I was thinking about entropy the other day.
Ah! Listen to me. Like I just sit around pondering the rules of thermodynamics, puffing on a pipe.
I don’t. I heard someone talking about it on the radio. I understood a fraction of what they were saying, but it was enough to send my mind off on some misguided folly, like some drunken rabbit barrelling into the woods.
But still, I think it ended up somewhere interesting. So take these reflections on human nature and the principles for success for what they are. But for my understanding of the physical universe, give it as much weight as you’d give the babbling of a baboon, puffing on a pipe.
Anyway, thinking about entropy, I really like what this person was saying about it.
I always understood entropy as the idea that things naturally tend to maximum disorder. Systems collapse, structures dissolves, heat dissipates, things slow down and stop.
We have order and structure in the universe now, but that is a temporary state of affairs. In time (in a really long, long time), all of that structure will break down and disappear.
Nothing lasts forever. Like, literally. There will be nothing, and it will last forever.
Anyway, I’m probably not expressing that right, but I think that is the basic idea.
But I never thought about ‘how’ entropy did that.
I found it really interesting to start thinking about why everything naturally breaks down.
Why can’t my iphone exist, for all eternity, in it’s current form?
(I should probably delete some photos…)
The way this guy described it, it was a question of probability.
So take the arrangement of atoms in a pen for example. There are billions of billions of atoms there, each one in exactly the right place to collectively make a shape we call pen.
That’s another way of saying that the pen is a one in a billion, billion configuration of atoms.
Statistically, it is incredibly unlikely.
It is, theoretically possible, that in the great soup of the cosmos, those atoms might spontaneously take the shape of a pen on their own accord, but it is incredibly unlikely.
Or watch what happens when you pour milk into tea. It mixes through completely. Always.
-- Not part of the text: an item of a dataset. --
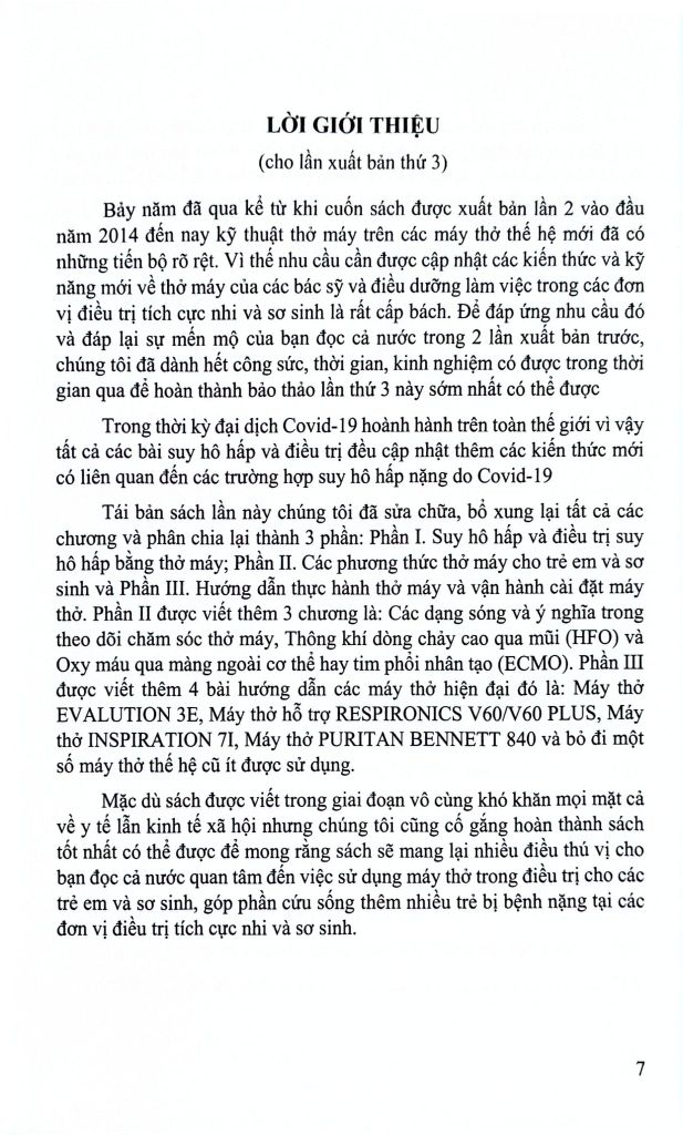 Cuốn sách Thông khí nhân tạo cho trẻ em và sơ sinh là nhu cầu không thế thiều được cho các bác sỹ và điều dưỡng làm việc trong các đơn vị điều trị tích cực nhi và sơ sinh.

But that’s not the only possible result. It is possible the atoms of milk stay together and don’t mix through.
However, that’s just one arrangement of atoms. There are billions and billions and billions of other possible arrangements that all just present as mixed milk and tea.
So the reason why things tend to disorder is because disorder is just a far more probable state of affairs. For every arrangement that gives us something of structure and interest, there are a gazillion different arrangements that are totally unstructured and uninteresting.
So entropy is probability in action.
At this point you can probably tell I failed high-school science. But still I love this idea of entropy as probability in action.
Because I like how it makes me think of my creative work in a probabilistic sense.
To create stuff, to give our lives particular structures and to fill them with a particular order, is to bet against entropy.
And to do that we have to flip the rules of probability in our favour.
Our job, is to maximise the chances for our success.
That is, it is not to create success directly, but to maximise the chances of success.
So if we do the work, if we invest in ourselves, if we take action and keep on keeping on, then we increase the odds of success.
We can’t control the outcome. There’s too many factors at play. But we can increase our chances.
And the road to success is simply making victory more likely than not.
I like this. It makes me feel more relaxed about things. I can let go of the need to control everything. I’ve only got to influence the odds, not the result itself. And against entropy, the great destroyer of the universe, maybe that’s as much as we can do.